**HOW TO COMPLETE THIS TASK:**
Which lines below fall between the one containing "Oranje vlaggenlijn van" and the one containing "秋刀魚は頭落として、わた抜いて圧力鍋???"? Repeat them exactly, counting both of those lines, and add nothing else.

**EXTRACTED MATERIAL:**
· · ·

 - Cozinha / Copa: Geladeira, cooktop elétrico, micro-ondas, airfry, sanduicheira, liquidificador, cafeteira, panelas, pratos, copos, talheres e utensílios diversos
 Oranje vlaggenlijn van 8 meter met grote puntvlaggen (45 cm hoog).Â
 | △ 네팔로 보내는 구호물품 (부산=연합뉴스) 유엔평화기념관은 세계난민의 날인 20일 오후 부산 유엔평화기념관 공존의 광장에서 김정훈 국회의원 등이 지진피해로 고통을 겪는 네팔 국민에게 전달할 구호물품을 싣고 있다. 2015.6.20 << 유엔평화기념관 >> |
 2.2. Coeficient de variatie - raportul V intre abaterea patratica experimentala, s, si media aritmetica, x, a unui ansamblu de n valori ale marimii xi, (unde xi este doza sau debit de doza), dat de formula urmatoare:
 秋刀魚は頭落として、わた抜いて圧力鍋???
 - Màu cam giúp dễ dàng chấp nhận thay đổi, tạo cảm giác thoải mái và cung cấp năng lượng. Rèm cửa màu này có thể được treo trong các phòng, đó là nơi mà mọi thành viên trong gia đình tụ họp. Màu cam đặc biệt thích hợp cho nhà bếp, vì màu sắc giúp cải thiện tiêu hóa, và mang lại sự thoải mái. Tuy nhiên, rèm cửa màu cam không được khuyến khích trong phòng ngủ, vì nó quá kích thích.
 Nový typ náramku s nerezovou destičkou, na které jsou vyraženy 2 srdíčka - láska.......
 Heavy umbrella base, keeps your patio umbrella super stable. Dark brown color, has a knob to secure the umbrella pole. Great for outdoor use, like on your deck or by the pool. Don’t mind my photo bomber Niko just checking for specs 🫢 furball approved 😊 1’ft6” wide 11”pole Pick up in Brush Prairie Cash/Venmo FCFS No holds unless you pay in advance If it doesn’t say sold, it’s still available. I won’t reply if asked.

· · ·

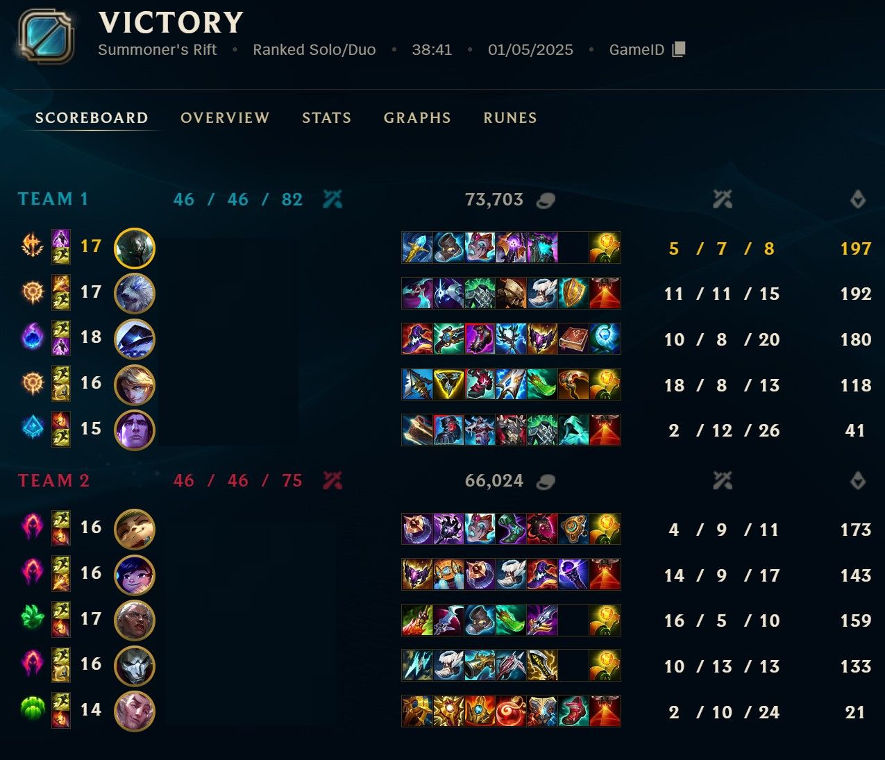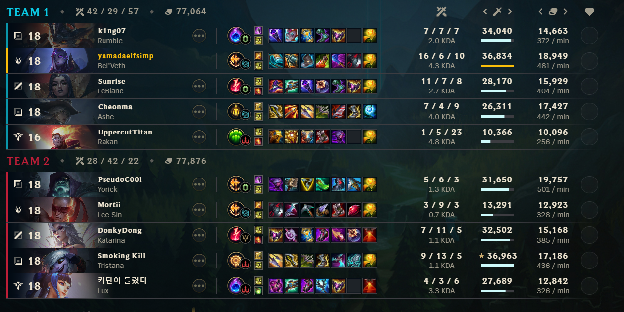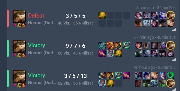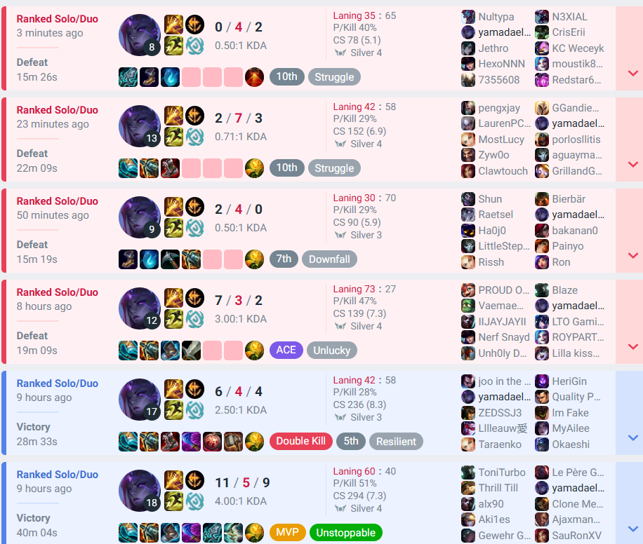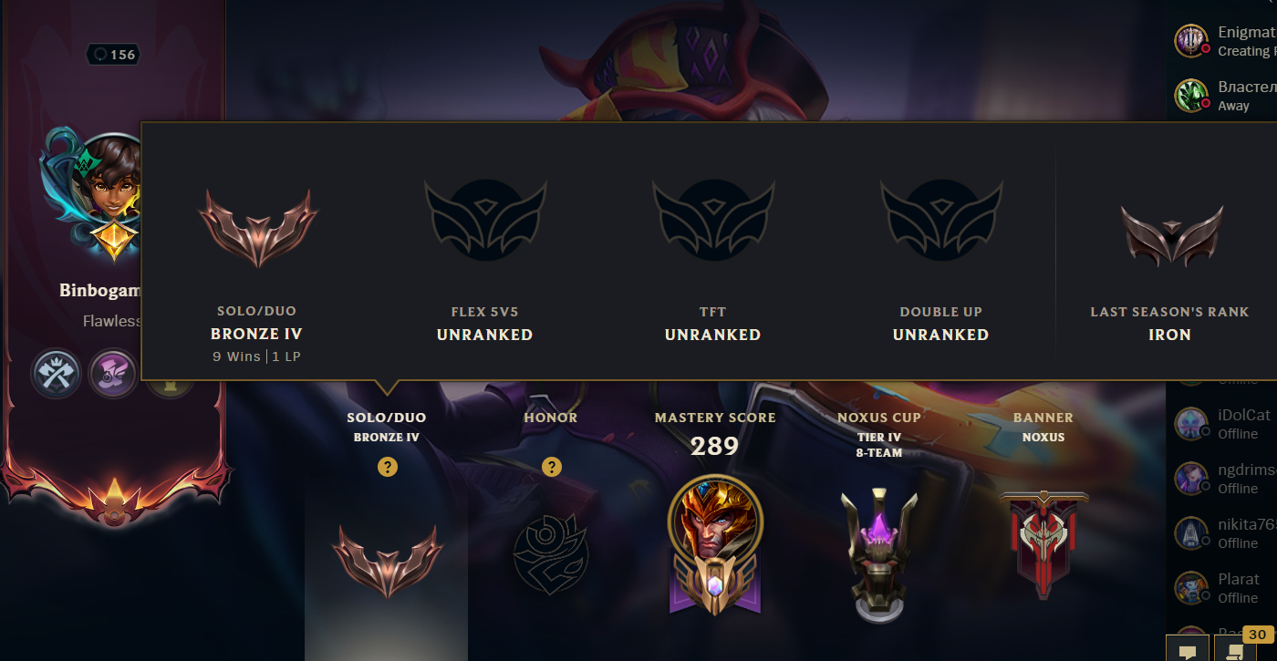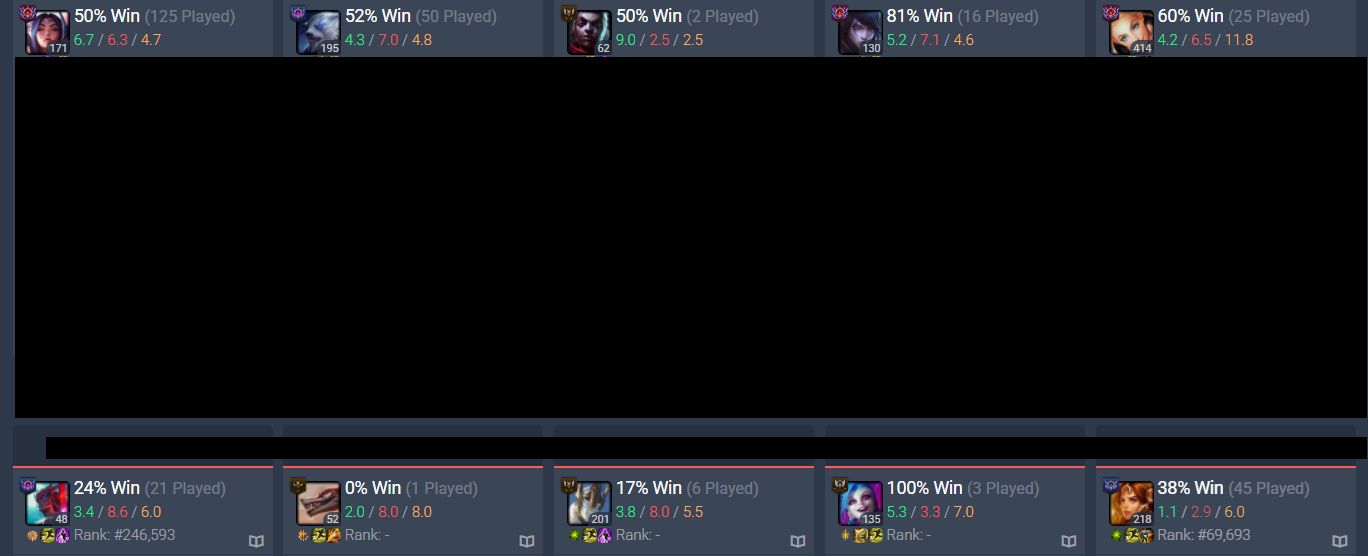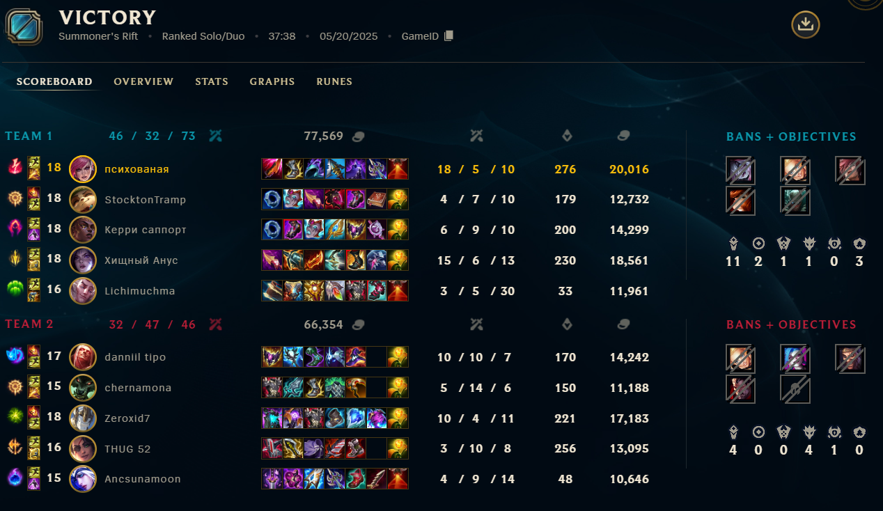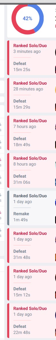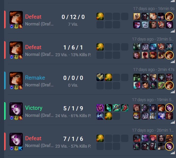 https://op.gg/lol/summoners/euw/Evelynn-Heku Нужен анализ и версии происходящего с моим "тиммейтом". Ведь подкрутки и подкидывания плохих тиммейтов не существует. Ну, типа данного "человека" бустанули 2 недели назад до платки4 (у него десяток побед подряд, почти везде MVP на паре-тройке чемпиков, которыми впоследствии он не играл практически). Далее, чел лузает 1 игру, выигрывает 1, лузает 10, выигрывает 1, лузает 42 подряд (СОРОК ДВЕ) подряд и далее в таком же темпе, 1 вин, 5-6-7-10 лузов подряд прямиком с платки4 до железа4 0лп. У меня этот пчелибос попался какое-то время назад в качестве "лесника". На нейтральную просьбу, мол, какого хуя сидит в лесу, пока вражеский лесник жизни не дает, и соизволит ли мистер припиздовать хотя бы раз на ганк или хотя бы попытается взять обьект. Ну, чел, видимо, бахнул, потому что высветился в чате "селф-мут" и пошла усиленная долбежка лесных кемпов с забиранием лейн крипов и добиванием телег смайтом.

· · ·

**COMPLETED TASK:**
 Oranje vlaggenlijn van 8 meter met grote puntvlaggen (45 cm hoog).Â
 | △ 네팔로 보내는 구호물품 (부산=연합뉴스) 유엔평화기념관은 세계난민의 날인 20일 오후 부산 유엔평화기념관 공존의 광장에서 김정훈 국회의원 등이 지진피해로 고통을 겪는 네팔 국민에게 전달할 구호물품을 싣고 있다. 2015.6.20 << 유엔평화기념관 >> |
 2.2. Coeficient de variatie - raportul V intre abaterea patratica experimentala, s, si media aritmetica, x, a unui ansamblu de n valori ale marimii xi, (unde xi este doza sau debit de doza), dat de formula urmatoare:
 秋刀魚は頭落として、わた抜いて圧力鍋???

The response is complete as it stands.